Healing your new tattoo

Tattooers get asked a lot of questions about aftercare. This is the point of the tattoo process customers are often most unsure of—there’s quite a bit of misinformation out there, and everyone wants to know exactly what needs to be done to insure a perfectly healed piece. The best advice is to stop listening to your friends, follow the aftercare instructions your tattoo artist gives you, and don’t overthink it. Here’s what one of tattooing’s giants, Sailor Jerry, had to say about healing a new tattoo:

1. After first hour, bandage may be removed and tattooed area washed down thoroughly with soap
and water. Do not rebandage tattoo.
2. Keep tattoo clean and dry. Do not use greasy ointments on tattoos at any time, but wet them down frequently with bactine, listerine, or similar antiseptic solution.
3. Do not scratch or pick off scabs. To do so will invite serious infection and will form scars.
4. Do not go swimming until all scabs are off, and keep tattoo clean and dry for at least one week.
5. After all scabs are off, a little vaseline rubbed into the skin will soften it, and thereby more rapidly take the new shine off, and allow the tattoo ink to settle to its proper place in the under layer of the skin.
6. Your artist has done his best to build you a good tattoo, but remember it takes both of us to make the final job as perfect as it should be.
7. Drop around when you can and have your tattooer check the work as it heals and be sure to sign
the record book in the shop where you got your work done. This places the responsibility on the
tattooer who worked on you and insures you of getting clean work, or else…

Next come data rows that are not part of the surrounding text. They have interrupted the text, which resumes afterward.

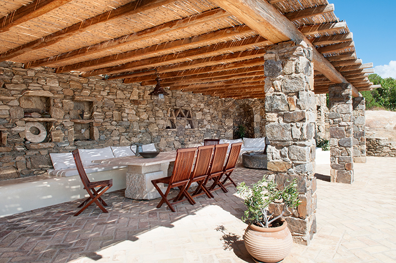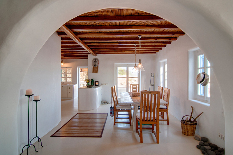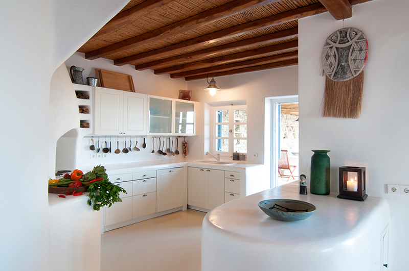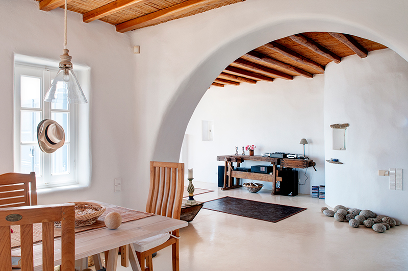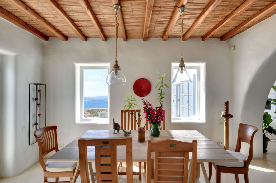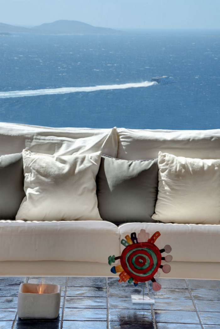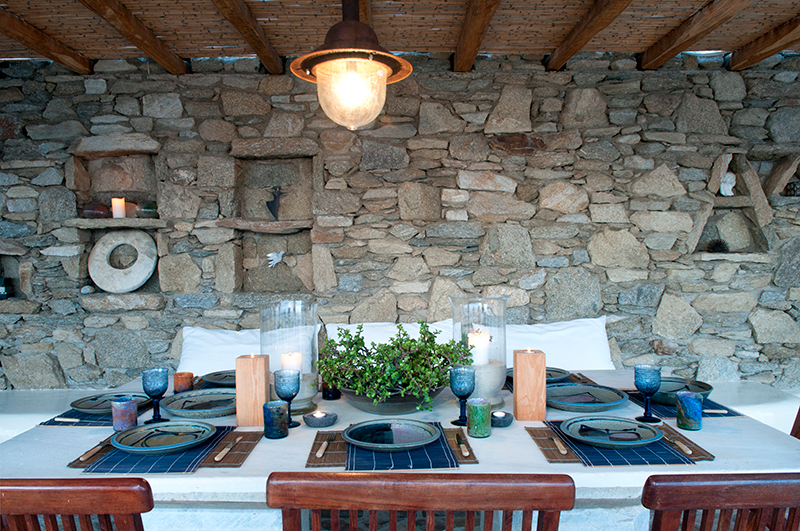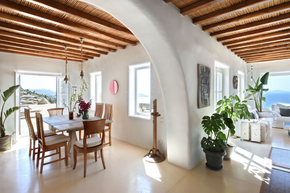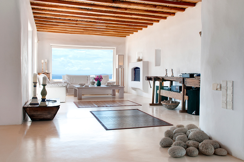 Cette maison a été construite dans le respect de l’environnement rocheux et la culture de l’île. La décoration intérieur est issue des nombreux voyage des propriétaires à travers le monde et les objets d’art donnent à la villa une belle tonalité. Vous profiterez de moment inoubliables sur les terrasses et admirerez les jolis levers et couchers de soleil.
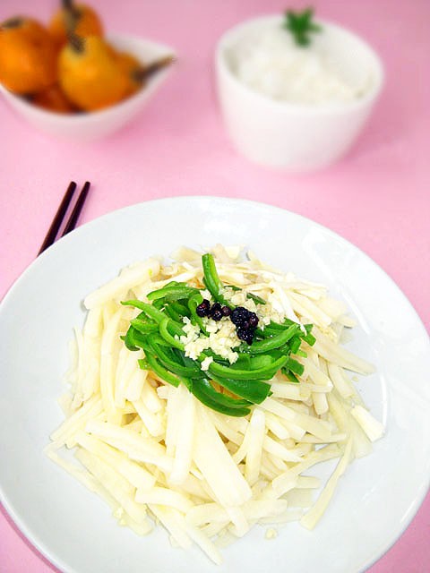 材料:茭白......1根半、青椒......1根(配色用,不是必备品)、花椒......7颗、麻油......3大匙、、盐......适量、糖......适量、素蚝油......适量
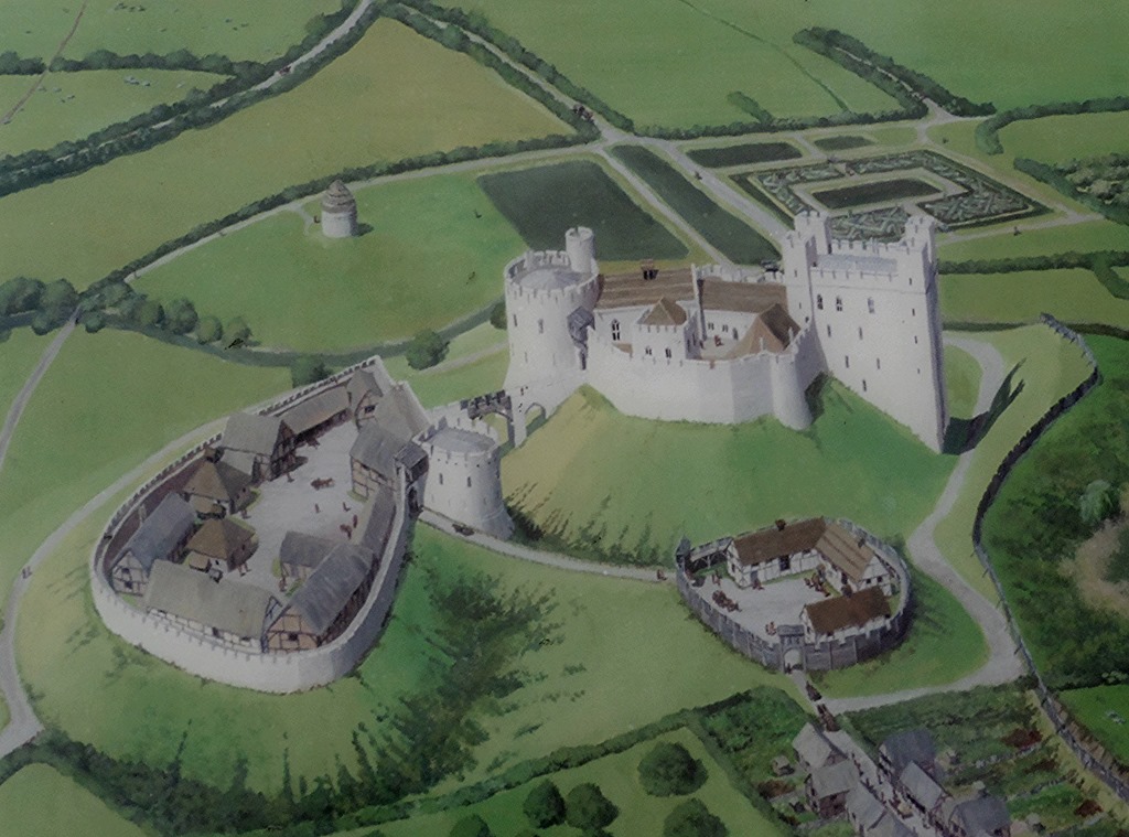 English Heritage kindly provide a visual reconstruction for the year 1300 as drawn by Dominic Andrews, by which time life was less martial in aspect, and lords in castles also went in for pleasure gardens. You can see them in the right hand top corner. The castle also had its own farm (bottom right) and accommodation with associated trades for the soldiers and servants (left outer bailey).
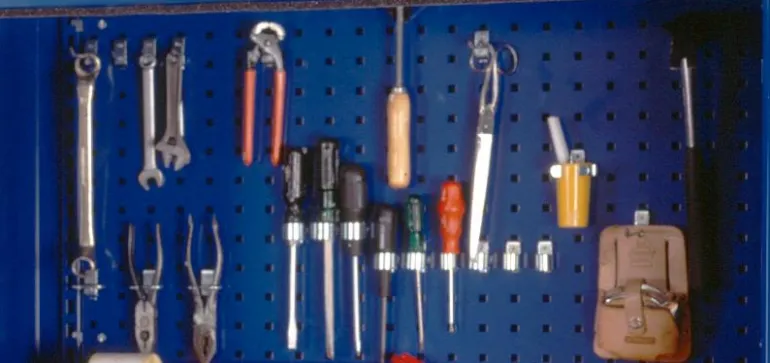 Työkalupaneeli JiWa MF4 -metallikaappiin. Kaappi voidaan sisustaa hyllyillä, ulosvedettävillä hyllyillä ja laatikoilla, työkalupaneeleilla ja muovilokereoille tarkoitetuille ripustuslistoilla.

Every artist has tweaked a step to the healing process. Some tattooers recommend solutions like Aquaphor or A&D ointment and others stick to the dry-heal method. Every customer is different. Newbies often need step-by-step instructions, while seasoned collectors know what has worked for them in the past. It depends on the customer’s skin, how their skin reacts to ink, and even the regional climate. The most important thing to remember is cleanliness—every tattoo artist I’ve asked about this repeats, “keep it clean, keep it clean, keep it clean!” Listen to your artist—they want your new piece to heal as nicely as you do, and stop by when you’re in the area so we can check out the healed work!